En esos mismos años, en los comienzos de la IIGM, Édouard Daladier, que fuera primer ministro francés era abúlico, dilatante en sus decisiones y con escasa voluntad y energía; el comandante en jefe de las Fuerzas Armadas francesas, Maurice Gustave Gamelin, padecía, al igual que Mussolini, neurosifilis crónica.
Stalin, además de ser un psicópata antisocial al que jamás nadie se atrevió a diagnosticar tales cuadros patológicos si lo que quería era seguir con vida, padecía de insuficiencia cardiaca, hipertensión y, posiblemente, hidrocefalia. Estas patologías derivaron con el tiempo en trombosis y, seguramente, provocaron la embolia que terminó con su vida.
Eran tantas y tan distintas las patologías que afectaban a la salud del presidente norteamericano Franklin Delano Roosevelt que llegó prácticamente moribundo a la ya mencionada Conferencia de Yalta, en febrero de 1945, donde Churchill, bastante deteriorado en su salud, nada pudo hacer para que el más enérgico e impetuoso de los tres, Yosef Stalin, determinara la repartición del mapa político de la Europa de la post-guerra.

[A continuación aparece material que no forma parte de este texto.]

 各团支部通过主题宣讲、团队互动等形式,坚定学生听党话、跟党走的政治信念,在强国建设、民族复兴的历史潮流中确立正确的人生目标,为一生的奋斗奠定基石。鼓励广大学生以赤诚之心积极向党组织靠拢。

Afortunadamente, cinco meses después, fallecido ya Roosevelt, el nuevo presidente norteamericano Harry S. Truman pudo enmendarle la plana a Stalin en la Conferencia de Potsdam.
Obviamente, los problemas de salud de los mandatarios mencionados tuvieron que afectar a la calidad de las decisiones que por aquellos entonces se tomaron y que originaron la convulsa etapa de la Guerra Fría y sus negativas consecuencias que estuvieron, en más de una ocasión, a punto de resolverse con nuevas confrontaciones entre las dos super potencias surgidas de la II Guerra Mundial y de las conferencias de paz ya mencionadas.

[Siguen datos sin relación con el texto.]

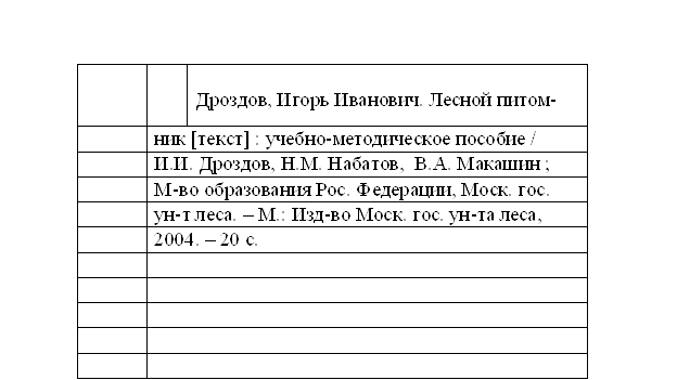 Литература. 1. Блюменау Д.И. Информационный анализ / синтез для формирования вторичного потока документов [Текст ]: учеб. пособие / Д.И. Блюменау. – СПБ., 2002. – 235 с. 2. ГОСТ 7.59-90. Индексирование документов. Общие требования к систематизации и предметизации // Стандарты по библиотечно- информационной деятельности [текст]/ сост. Т.В. Захарчук, О.М. Зусман. – СПб., 2003.- С 258-267. 3. ГОСТ 7. 82-2001. Библиографическая запись. Библиографическое описание электронных ресурсов. . 4. ГОСТ 7.80-2000. Библиографическая запись. Библиографическое описание электронных ресурсов. 5. ГОСТ 7.1-2003. Библиографическая запись. Библиографическое описание. Общие правила и требования составления // Стандарты по издательскому делу [текст]: Сб.док./ сост. А.А. Джиго, С.Ю. Калинин. М., 2004. 6. Сукиасян Э.Р. Библиотечные каталоги [Текст]: учеб. пособие. – М., 2001. |

Pongamos como ejemplo las consecuencias del cuadro neurosifilítico que padecieron tanto Mussolini como Gamelin. Según la opinión de los expertos, dicho cuadro clínico ocasiona: “daños neurológicos irreversibles, demencias, movimientos convulsivos incontrolables, contracciones de los músculos, irresponsabilidad, modificaciones de la conducta y la personalidad, hipereuforia acompañada de hiperactividad, y siempre un delirio megalomaníaco, desaparición de todo sentido crítico, e incoherencia profunda en la conducta y el comportamiento.”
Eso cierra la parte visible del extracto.